(Stored records)
--
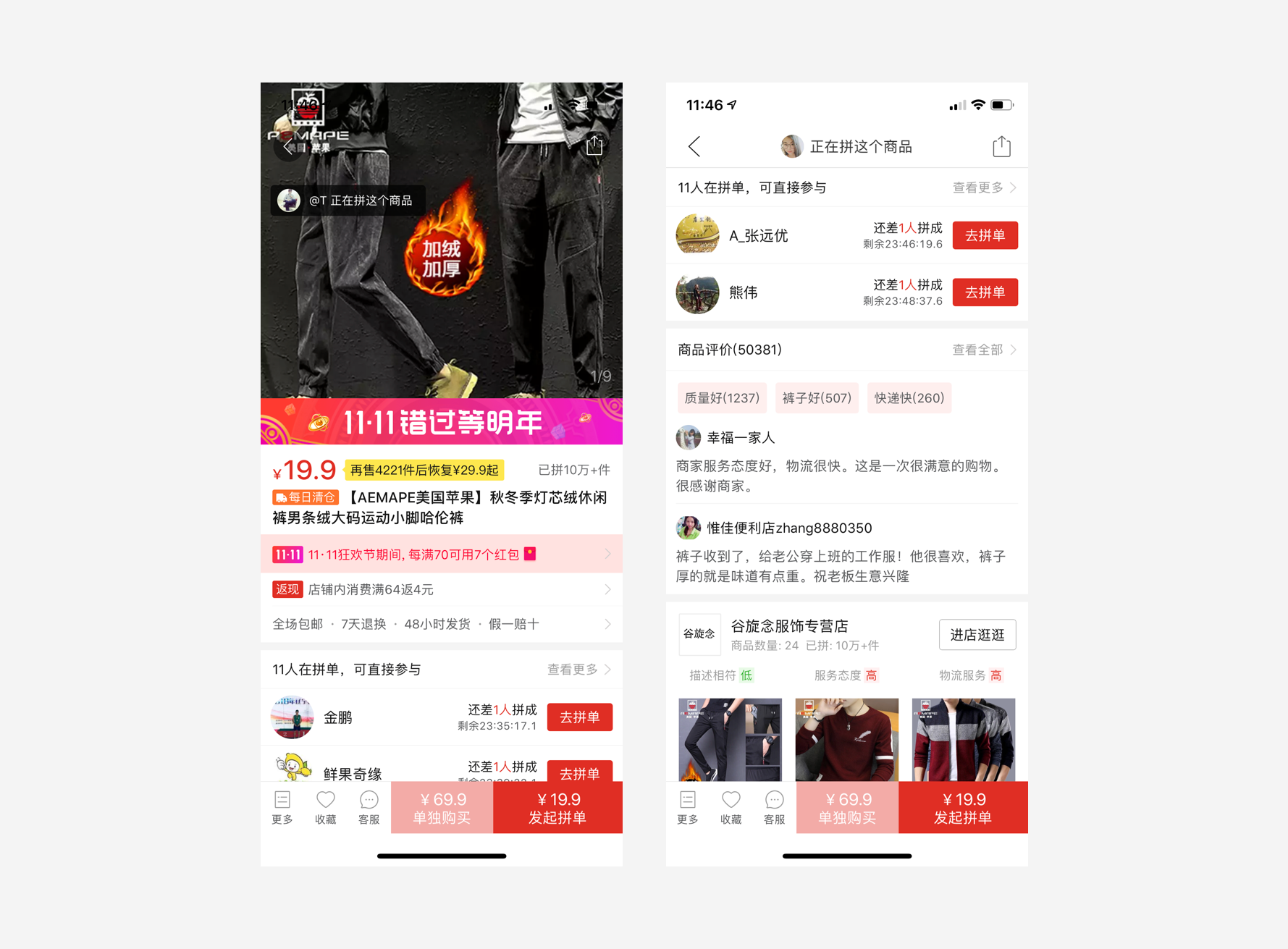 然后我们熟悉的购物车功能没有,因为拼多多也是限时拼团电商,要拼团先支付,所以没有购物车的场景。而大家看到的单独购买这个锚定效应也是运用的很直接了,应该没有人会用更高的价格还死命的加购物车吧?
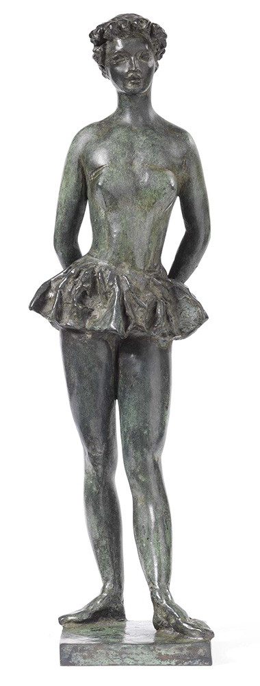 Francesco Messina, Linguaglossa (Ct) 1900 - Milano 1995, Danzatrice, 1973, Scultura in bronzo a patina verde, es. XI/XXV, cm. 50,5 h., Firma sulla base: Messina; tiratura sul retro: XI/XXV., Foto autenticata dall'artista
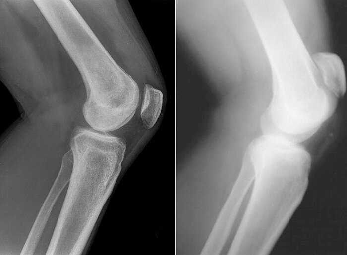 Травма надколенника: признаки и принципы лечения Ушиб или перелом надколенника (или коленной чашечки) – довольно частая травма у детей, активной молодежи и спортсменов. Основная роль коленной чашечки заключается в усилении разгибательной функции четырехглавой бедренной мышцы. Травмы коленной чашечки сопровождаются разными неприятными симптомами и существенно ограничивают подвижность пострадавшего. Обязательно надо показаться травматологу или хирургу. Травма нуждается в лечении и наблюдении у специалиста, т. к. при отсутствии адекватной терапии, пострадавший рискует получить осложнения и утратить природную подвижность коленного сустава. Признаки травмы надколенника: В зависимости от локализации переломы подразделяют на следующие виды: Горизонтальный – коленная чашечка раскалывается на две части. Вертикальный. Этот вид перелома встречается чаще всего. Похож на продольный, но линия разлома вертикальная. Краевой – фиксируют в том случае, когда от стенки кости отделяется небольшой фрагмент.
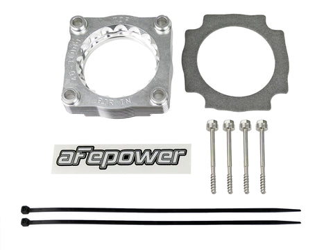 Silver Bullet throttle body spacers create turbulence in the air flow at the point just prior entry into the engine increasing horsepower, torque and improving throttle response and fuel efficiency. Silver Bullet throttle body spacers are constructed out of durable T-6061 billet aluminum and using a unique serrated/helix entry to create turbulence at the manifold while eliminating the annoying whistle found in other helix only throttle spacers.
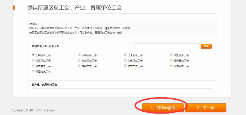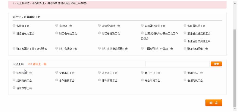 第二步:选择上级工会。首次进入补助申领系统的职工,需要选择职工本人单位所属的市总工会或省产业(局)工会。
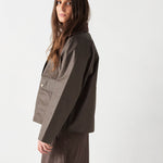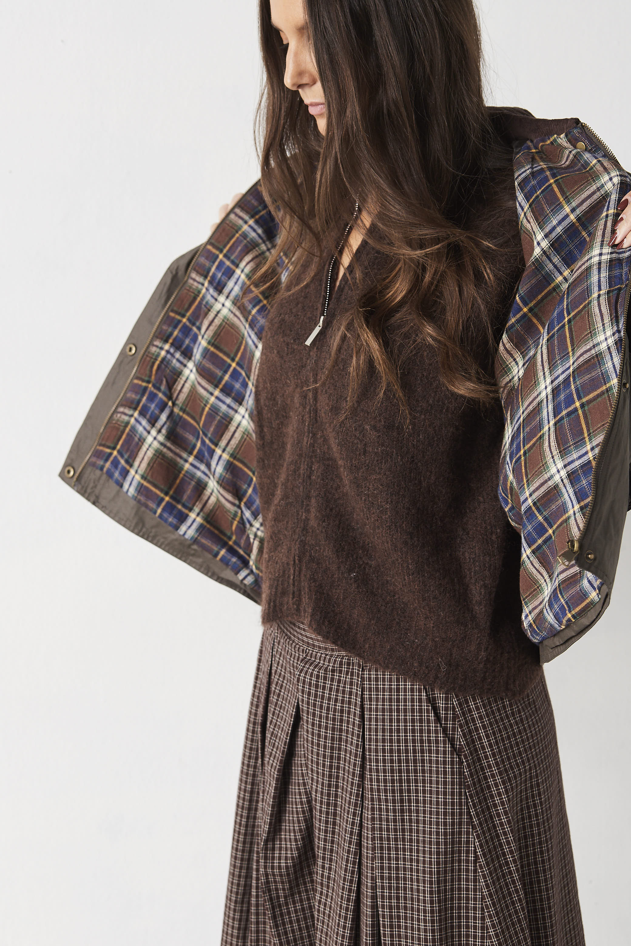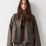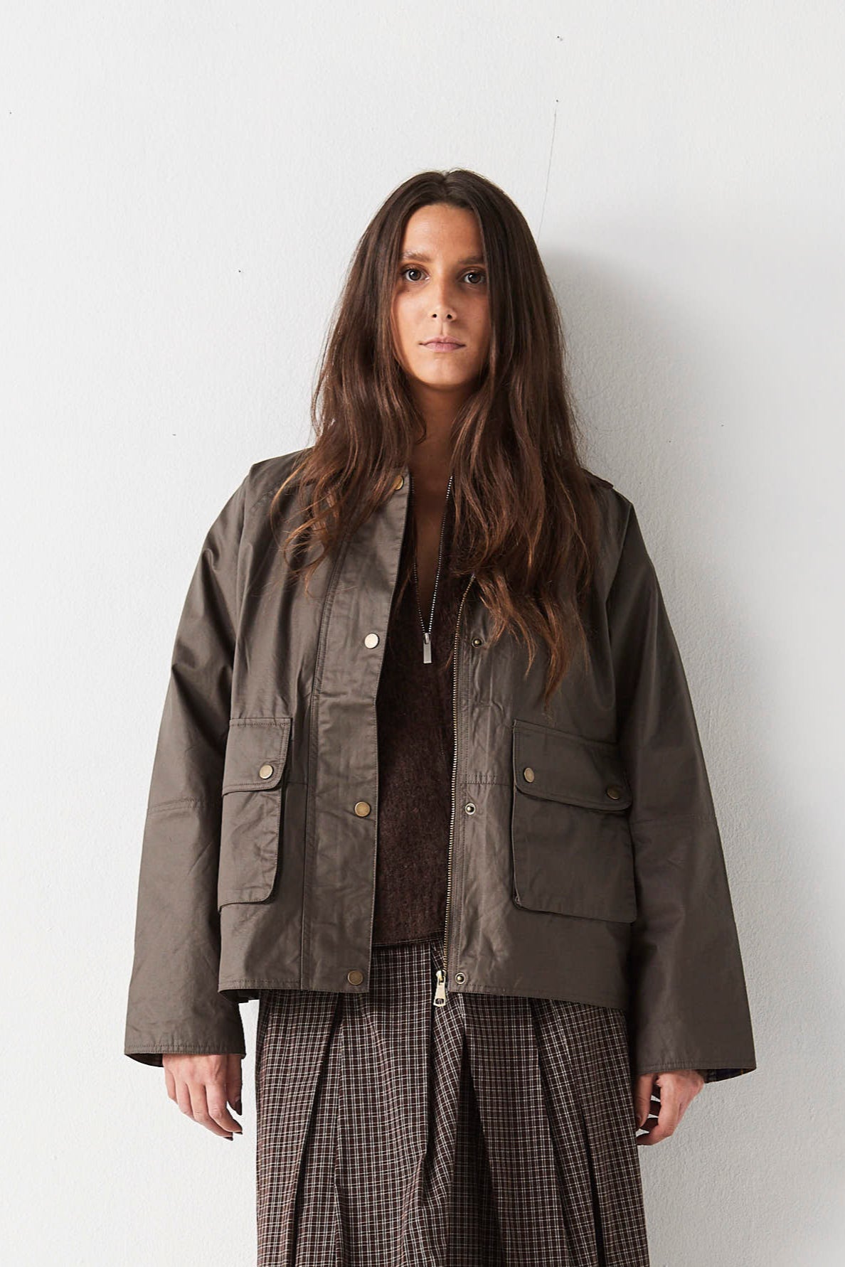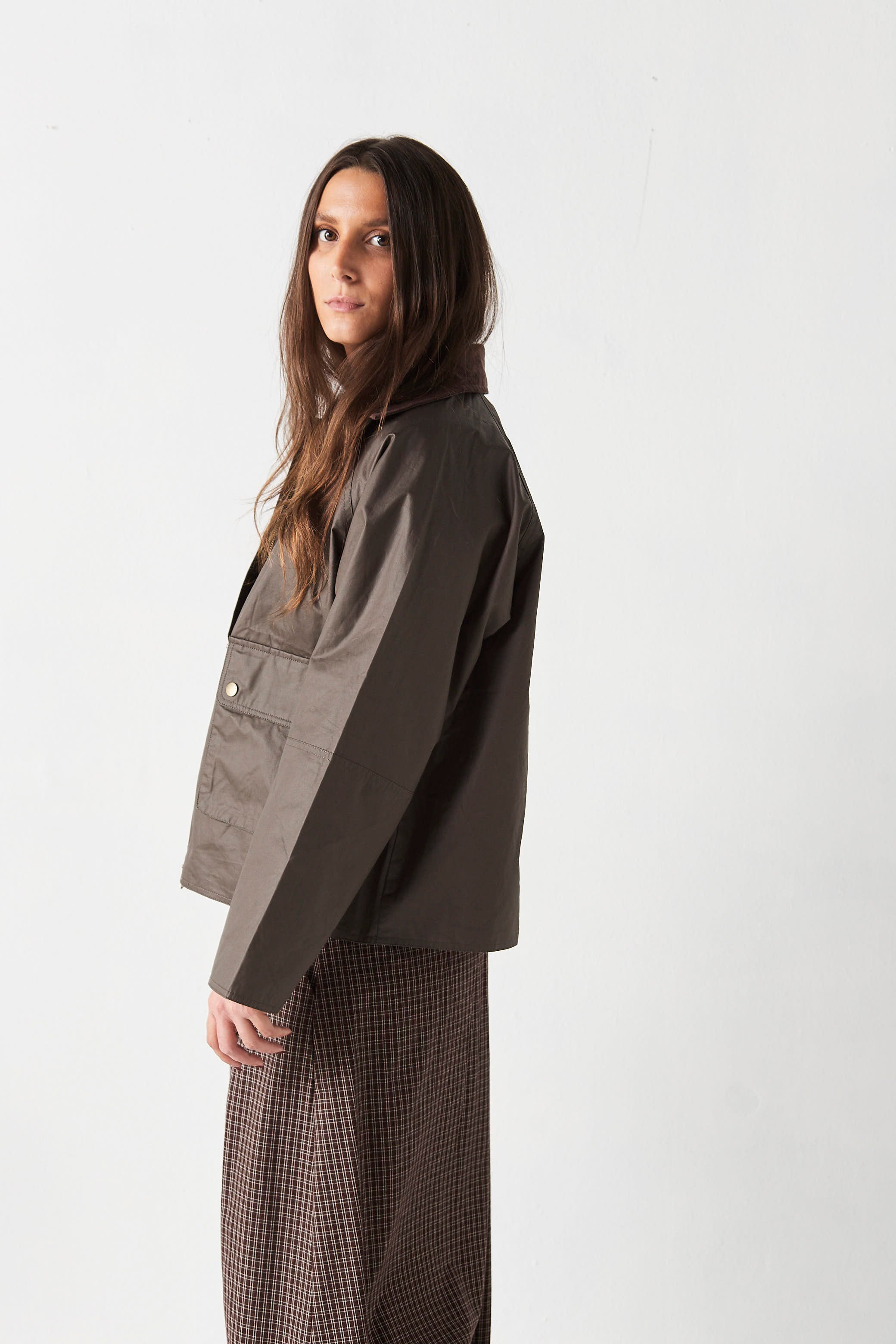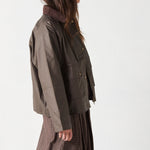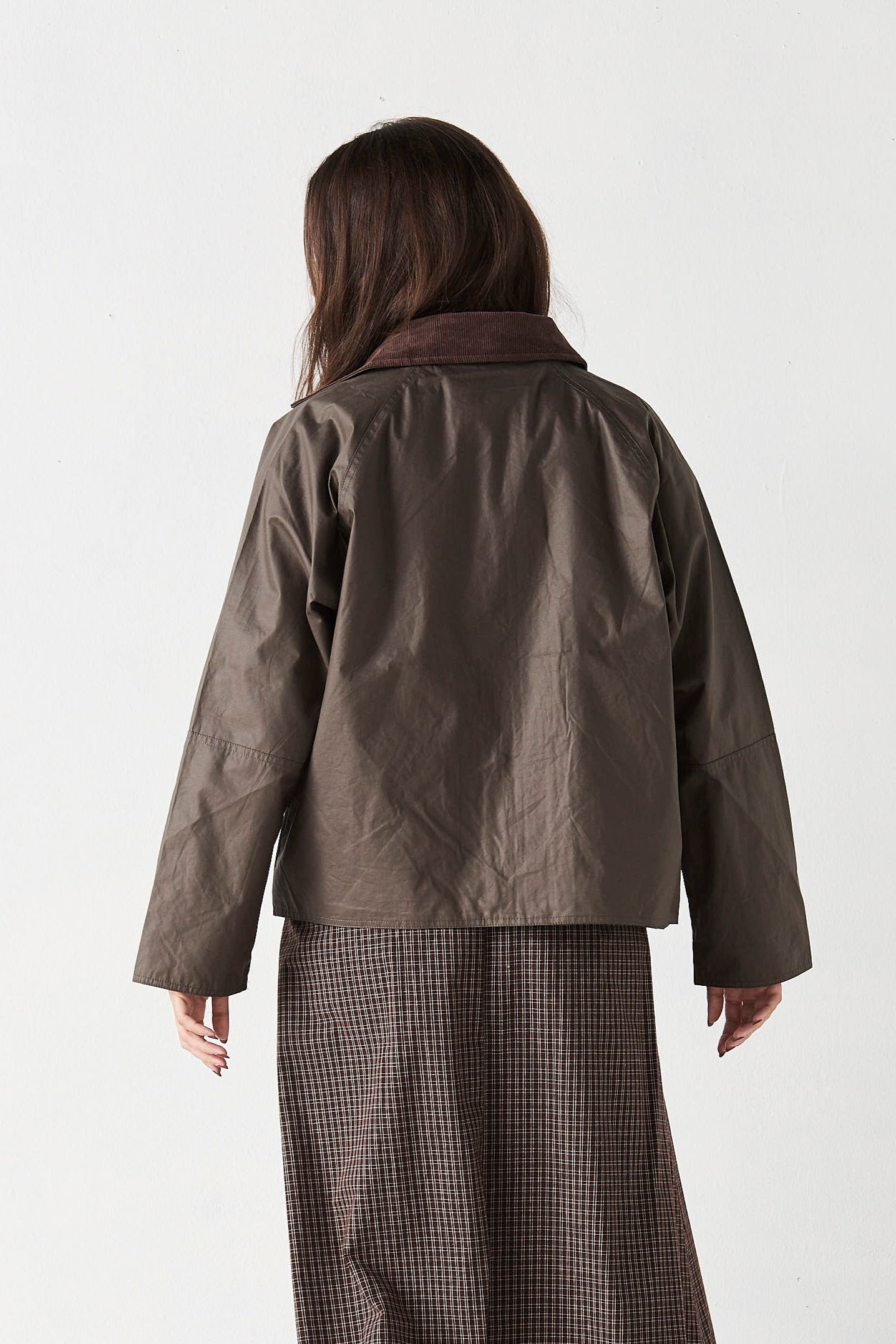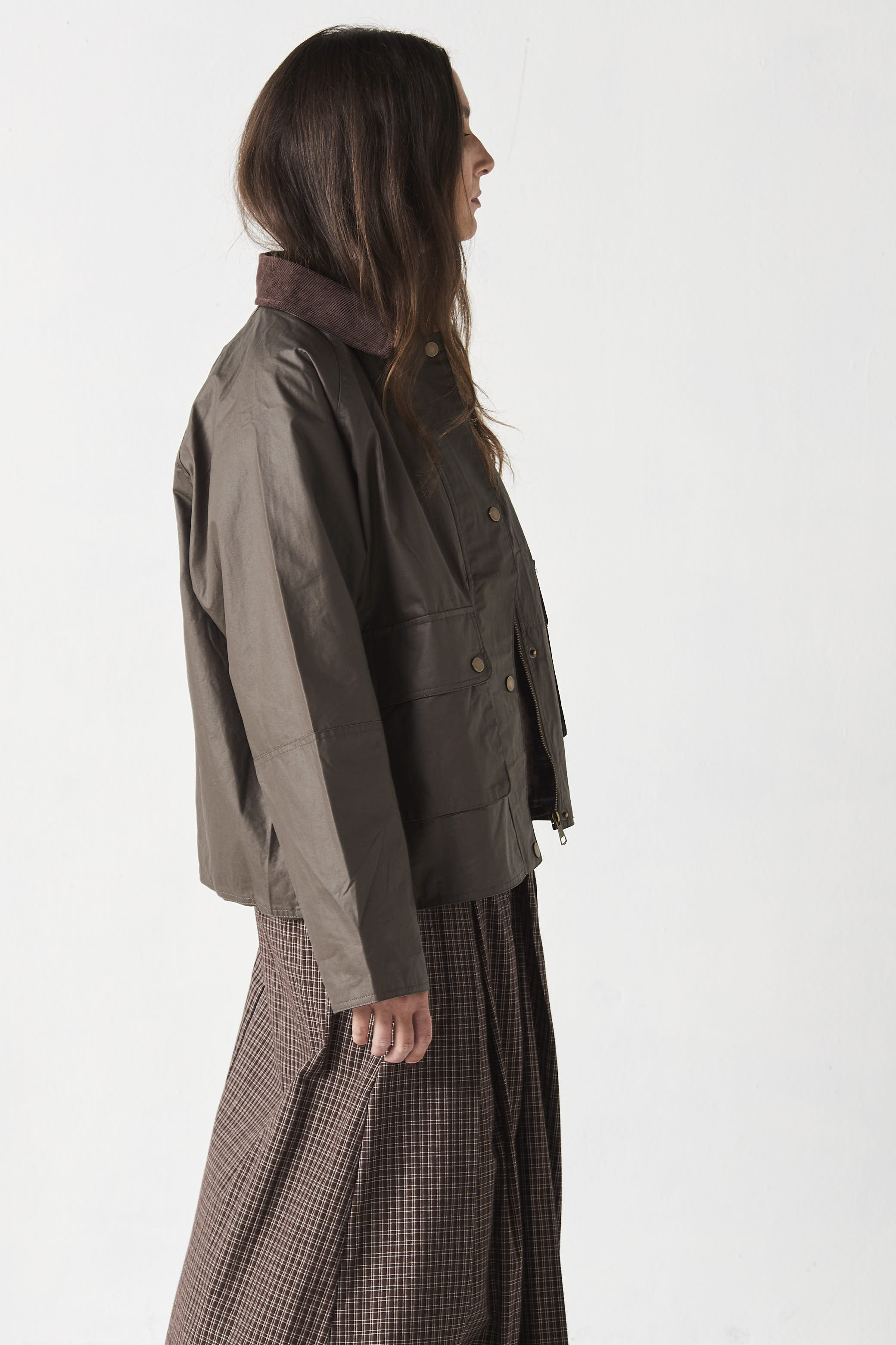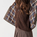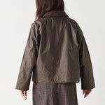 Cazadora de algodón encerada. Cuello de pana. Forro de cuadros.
--
* Try it
Exact reproduction of the entries above is required, with pictures excluded.

* Solution to this task
 然后我们熟悉的购物车功能没有,因为拼多多也是限时拼团电商,要拼团先支付,所以没有购物车的场景。而大家看到的单独购买这个锚定效应也是运用的很直接了,应该没有人会用更高的价格还死命的加购物车吧?
 Francesco Messina, Linguaglossa (Ct) 1900 - Milano 1995, Danzatrice, 1973, Scultura in bronzo a patina verde, es. XI/XXV, cm. 50,5 h., Firma sulla base: Messina; tiratura sul retro: XI/XXV., Foto autenticata dall'artista
 Травма надколенника: признаки и принципы лечения Ушиб или перелом надколенника (или коленной чашечки) – довольно частая травма у детей, активной молодежи и спортсменов. Основная роль коленной чашечки заключается в усилении разгибательной функции четырехглавой бедренной мышцы. Травмы коленной чашечки сопровождаются разными неприятными симптомами и существенно ограничивают подвижность пострадавшего. Обязательно надо показаться травматологу или хирургу. Травма нуждается в лечении и наблюдении у специалиста, т. к. при отсутствии адекватной терапии, пострадавший рискует получить осложнения и утратить природную подвижность коленного сустава. Признаки травмы надколенника: В зависимости от локализации переломы подразделяют на следующие виды: Горизонтальный – коленная чашечка раскалывается на две части. Вертикальный. Этот вид перелома встречается чаще всего. Похож на продольный, но линия разлома вертикальная. Краевой – фиксируют в том случае, когда от стенки кости отделяется небольшой фрагмент.
 Silver Bullet throttle body spacers create turbulence in the air flow at the point just prior entry into the engine increasing horsepower, torque and improving throttle response and fuel efficiency. Silver Bullet throttle body spacers are constructed out of durable T-6061 billet aluminum and using a unique serrated/helix entry to create turbulence at the manifold while eliminating the annoying whistle found in other helix only throttle spacers.
 第二步:选择上级工会。首次进入补助申领系统的职工,需要选择职工本人单位所属的市总工会或省产业(局)工会。
 Cazadora de algodón encerada. Cuello de pana. Forro de cuadros.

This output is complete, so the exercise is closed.